Published: 22 September 2021
International Journal of TROPICAL DISEASE & Health pp 13-17; https://doi.org/10.9734/ijtdh/2021/v42i1330507
Background: India has the world’s largest load of cervical malignancy. A lot of it can be attributed to lack of cervical cancer screening awareness among the general population. The Accredited Social Health Activists (ASHA) are grass root workers who have good reach in the remote areas, where health care facilities are lacking. Training these ASHAs may increase the general awareness about cervical cancer screening. The aim of the study was to train ASHA workers via lectures and question answer sessions and assess the training with pre and post tests.
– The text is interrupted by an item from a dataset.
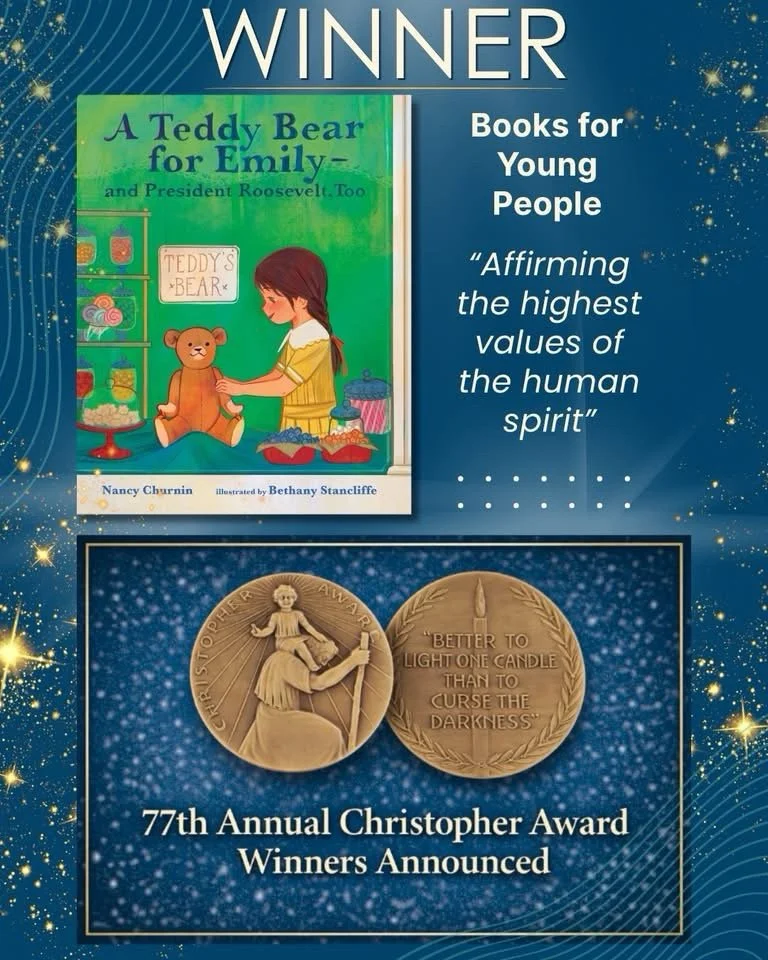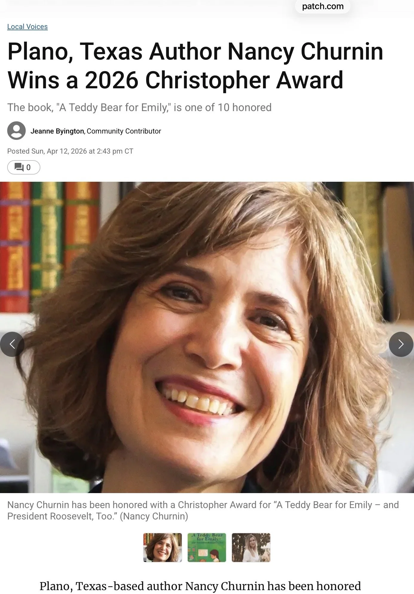 Thank you, National Today, for the lovely story about the Christopher Award for A Teddy Bear for Emily — and President Roosevelt, Too. Read it here: https://nationaltoday.com/us/tx/plano/news/2026/04/12/plano-author-nancy-churnin-wins-2026-christopher-award/#:~:text=Nancy%20Churnin%2C%20a%20children's%20book,%E2%80%93%20and%20President%20Roosevelt%2C%20Too.

Methods: We organized two training programs of 500 ASHA workers in two tertiary care hospitals with aim of improving their knowledge and attitude about cervical cancer screening which will eventually improve their practice of training women in general population. It comprised of five lectures in language they understand, slogans, posters, question answer session etc. A test comprising of 17 questions was conducted before and after session to check their knowledge and attitude. Results: There was an overall improvement of 35% in knowledge of the ASHAs i.e. 48% answers were correct in pre-test and 78% were correct in post-test. Questions were pertaining to symptomatology, risk factors, screening methods, their utility and prerequisites of performing the screening tests, when and how often to repeat. Improvement was seen in all the areas. There was improvement in attitude too and most of them wanted themselves (98%), their relatives (100%) and the woman within their area (98%) to be screened for cancer cervix. Conclusion: It was a small initiative and successful result was obtained after the training session of ASHAs. These grass root workers may act as key link of awareness for cervical cancer prevention. They live in same community as the client and therefore, have better repo and communication as compared to medical personnel. Though, this study showed improved knowledge and motivation in ASHAs yet the impact on general population needs further evaluation.